Call it fate – or justification for feeling tipsy mid-week before lunchtime – but I share a name with a spritz at Zsa’s. The Sophia has a hit of honey from Professore Rosso vermouth and a savoury whack from a fennel salami and olive garnish. Technically, it’s named after Ms Loren, not Ms Levin – but I, too, owe everything to spaghetti.
Zsa’s opened as a deli at the Ruckers Hill end of High Street in mid-2020, followed by the bar and bistro when dining-in was green-lit. It’s the only place in the area where you can eat oysters at 10am and finish with a $75 dinner degustation.
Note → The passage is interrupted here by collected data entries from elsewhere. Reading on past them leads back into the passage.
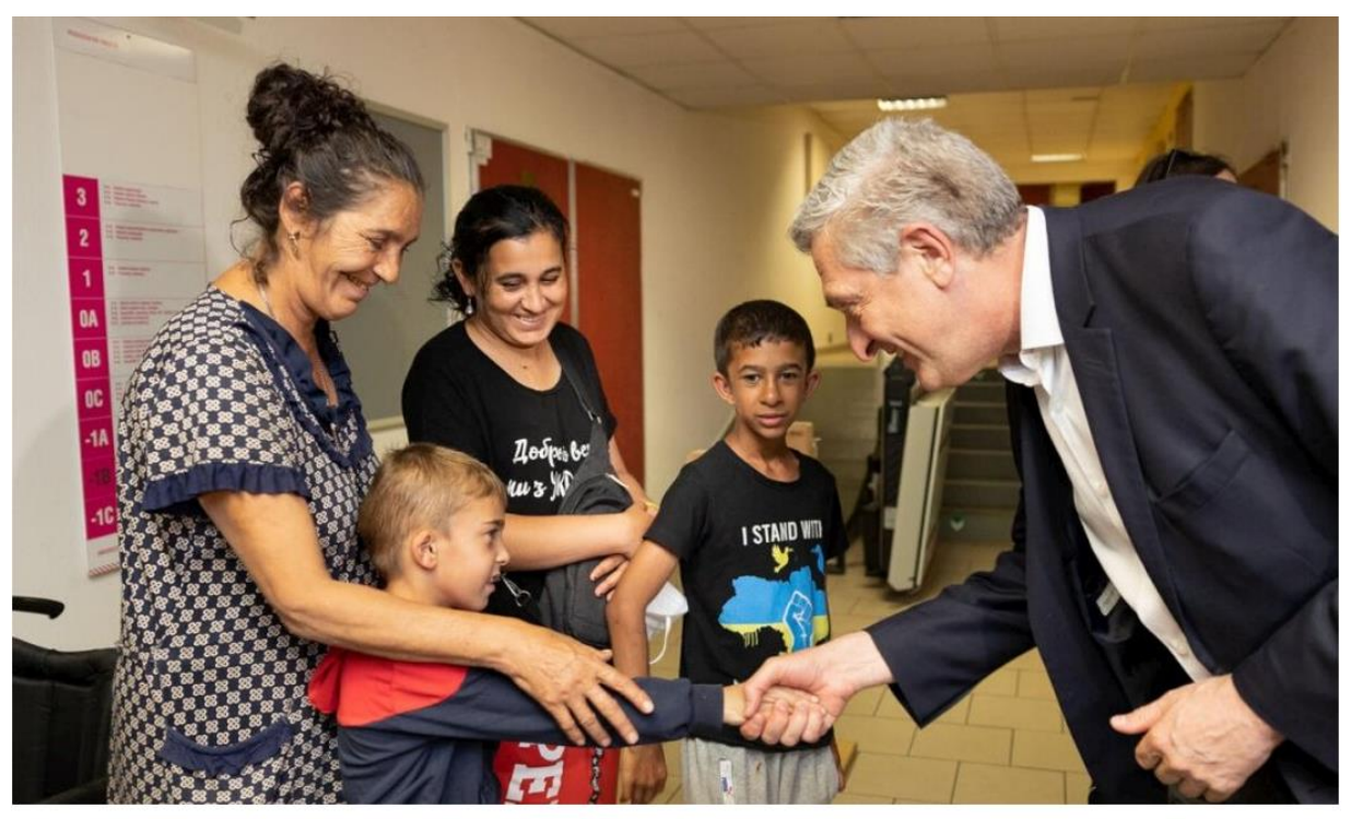
Filippo Grandi, the United Nations High Commissioner for Refugees visits the Regional Assistance Center for Aid to Ukraine in Ústí nad Labem, Czech Republic on June 26, 2022.

Entering in a new phase. Although very high, the initial unprecedented solidarity may wane and will need to be continuously enhanced. Stricter rules in the "Lex Ukraine" will be implemented including an end to the humanitarian allowance for refugees with free accommodation, food, and basic hygiene products, and health insurance coverage for refugees limited to a maximum of 150 days, except for children and the elderly. Vulnerable refugees will gradually be included in the social safety nets already in place for vulnerable Czech people. Not only to decrease the pressure on the capital Prague, but to also stimulate the economy in the regions, the authorities will set up a coordination mechanism and measures to motivate refugees to relocate from the capital to less crowded municipalities.
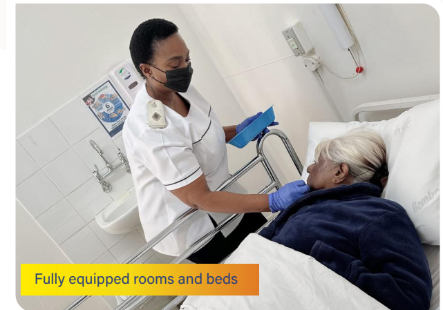
Fully equipped rooms and beds
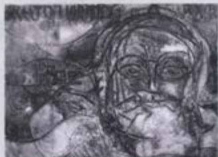
Skelton Writing a Poem (1974) Herbert Siebner Sgraffito and paint Acc #: U992.16.2
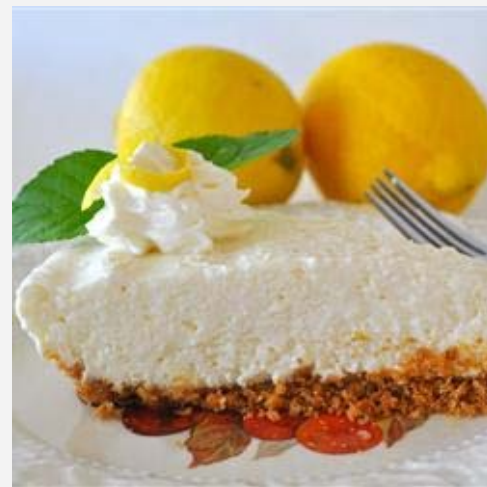
Lemon Icebox Pie

To reiterate, that means we are able to make many important decisions regarding the utilization of grant funds locally . Therefore, the guidance of stakeholders, landowners, and other interested parties is vital to the success of this grant. If you would like to learn more, please contact us! We encourage your participation and are eager to hear your opinions about the natural resources in our watershed!

Let the weather dictate whether you sit at umbrella-shaded tables on High Street or forest-green banquettes surrounded by shelves of artisan produce. There’s a gilded display cabinet piled with boards of panini, and local and imported cheese and charcuterie. I make a mental note to snack on them solo at the bar with a glass of Yarra Valley house sangiovese or, better yet, a bottle of beaujolais. But today it’s lunch with the girls, and I’ve double-parked a cocktail and coffee to prove it.
The kitchen pimps tins of Cuca seafood and we start with a “fish & chips” sandwich: smoked trout, horseradish cream and potato crisps for crunch. I order gnocchi after seeing fresh pasta being sold from racks inside. The pillows are jumbled with mild crumbles of squacquerone cheese and zucchini ribbons, pickles and flowers. Brittle-skinned mirror dory arrives on roasted red-pepper ajvar, and we order fries to balance out a trio of salad; the best a herby pea-and-ricotta slaw.
Whether $20 Wednesday pasta night, porchetta roast Sunday lunches or weekend European brunch boards, I don’t need an excuse to return. For now though, there’s another spritz with my name on it
High Street, Northcote, is a vintage wonderland. For clothing, check out Yesteryear Vintage, Asobii up Westbourne Grove for Japanese designers or visit nearby op shops. Grandfather’s Axe has a stunning showroom of mid-century Scandinavian and European furniture.